Why Must the State of a Quantum SHM Particle Be of This Form?

[MichalXC]

Homework Statement

We know that a particle in SHM is in a state such that measurements of the energy will yield either E_0 or E_1 (and nothing else), each with equal probability. Show that the state must be of the form

\psi = \frac{1}{\sqrt2} \psi_0 + \frac{e^{i \phi}}{\sqrt2} \psi_1

where \psi_ and \psi_1 are the ground and first excited state, respectively.

Homework Equations

For a Hamiltonian with discrete energy spectrum, the probability of measuring the particular eigenvalue associated with the orthonormalized eigenfunction f_n is \mid c_n \mid ^2.

The Attempt at a Solution

Since we are just as likely to measure E_0 as we are to measure E_1, we know that the wave function must look like

\psi = c_1 \psi_0 + c_2 \psi_1

where

\mid c_1 \mid ^2 + \mid c_2 \mid ^2 =1 \rightarrow \mid c_n \mid ^2 = \frac{1}{2}

I have no idea where the factor of e^{i \phi} comes from in the final answer.

 

[ideasrule]

In the equation, c2=<br /> \frac{e^{i \phi}}{\sqrt2}<br />. What's the square of the absolute value of c2?

 

[MichalXC]

In the equation, c2=<br /> \frac{e^{i \phi}}{\sqrt2}<br />. What's the square of the absolute value of c2?

\left| \frac{e^{i \phi}}{\sqrt{2}} \right| ^2 = \frac{e^{-i \phi}}{\sqrt{2}} \frac{e^{i \phi}}{\sqrt{2}} = \frac{1}{2}

But we are supposed to derive the equation.

 

[fzero]

\mid c_1 \mid ^2 + \mid c_2 \mid ^2 =1 \rightarrow \mid c_n \mid ^2 = \frac{1}{2}

It doesn't follow from the normalization that

\mid c_n \mid ^2 = \frac{1}{2},

only that

|c_2|^2 = 1-|c_1|^2.

Instead you should be able to conclude that \mid c_n \mid ^2 =1/2 from the requirement that \psi_1 and \psi_2 apply from equal probabilities. Can you write down an expression for the probability that a measurement on \psi finds the state \psi_1?

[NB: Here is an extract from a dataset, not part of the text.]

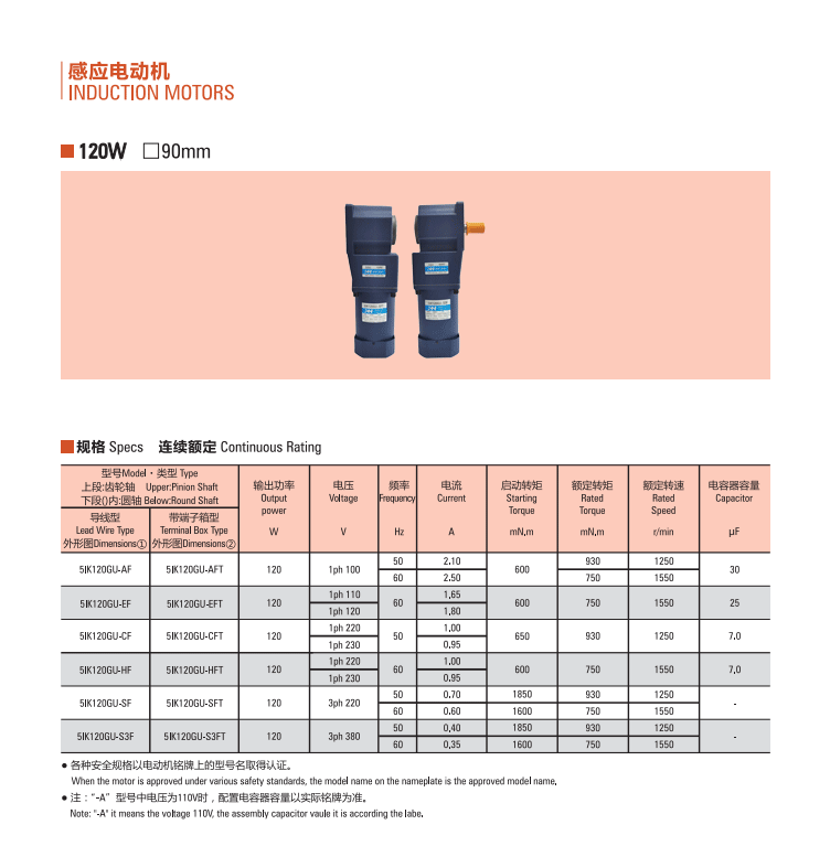 電機特性:感應電機,可逆電機,調速電機 ,剎車電機可選。

As for the single phase, you need to use the fact that rescaling a wavefunction represents the same physical state. Namely that

\alpha \psi~~\text{and} ~~\psi

are equivalent. This let's us reduce the number of phases to one.

 

[MichalXC]

Right.

The sum of the \mid c_n \mid ^2s equals 1 by normalization:

\mid c_1 \mid ^2 + \mid c_2 \mid ^2 =1

Since \mid c_n \mid ^2 represents the probability that a measurement of energy would yield the corresponding eigenvalue, we know that (since E_0 and E_1 are equally likely) \mid c_1 \mid ^2 = \mid c_2 \mid ^2. Or, making a substitution, that

\mid c_1 \mid ^2 = \frac{1}{2}

and

\mid c_2 \mid ^2 = \frac{1}{2}

What does it mean to take the square root of these quantities, since they are potentially complex? Intuitively, I feel like "an expression for the probability that a measurement on \psi finds the state \psi_1" is:

\psi = \frac{1}{\sqrt2} \psi_1 + \frac{1}{\sqrt2} \psi_2

Could you explain more what you mean when you say "rescaling a wavefunction represents the same physical state"? Thanks!

 

[fzero]

What does it mean to take the square root of these quantities, since they are potentially complex? Intuitively, I feel like "an expression for the probability that a measurement on \psi finds the state \psi_1" is:

\psi = \frac{1}{\sqrt2} \psi_1 + \frac{1}{\sqrt2} \psi_2

That's not the most general form that satisfies the requirements, precisely because the c_i are complex. The point is that specifying |c_i|=1/\sqrt{2} only tells you that

c_i = \frac{1}{\sqrt{2}} e^{i\theta_i},

where \theta_i is an unspecified angle. This is because we can write any complex number as z=r e^{i\theta}, where r is real and \theta is an angle, and |e^{i\theta}|=1 for any \theta.

Could you explain more what you mean when you say "rescaling a wavefunction represents the same physical state"? Thanks!

Yes, the reason is that we really define the expectation value of an observable (in the state |\psi\rangle) as

\langle A \rangle_\psi = \frac{ \langle \psi | A | \psi \rangle}{ \langle \psi | \psi \rangle }.

When |\psi\rangle is normalized, we ignore the denominator because it's just equal to one. But in general we can use the complete formula to show that in the state \alpha |\psi\rangle

\langle A \rangle_{\alpha \psi} = \frac{ \langle \psi | \alpha^* A \alpha | \psi \rangle}{ \langle \psi | \alpha^* \alpha | \psi \rangle } = \frac{ |\alpha|^2}{|\alpha|^2} \frac{ \langle \psi | A | \psi \rangle}{ \langle \psi | \psi \rangle } = \langle A \rangle_\psi .

Since this formula is true for all operators A, we find that any observable measured in the state \alpha |\psi\rangle is the same as the measurement in the state |\psi\rangle. Therefore we conclude that we have the freedom to rescale a quantum state by a number without changing the physical state that it corresponds to.

An important thing to note is that this property is precisely what allows us to take an arbitrary state and normalize it without changing the physics.

 

[MichalXC]

Nice! That all makes sense. Thank you.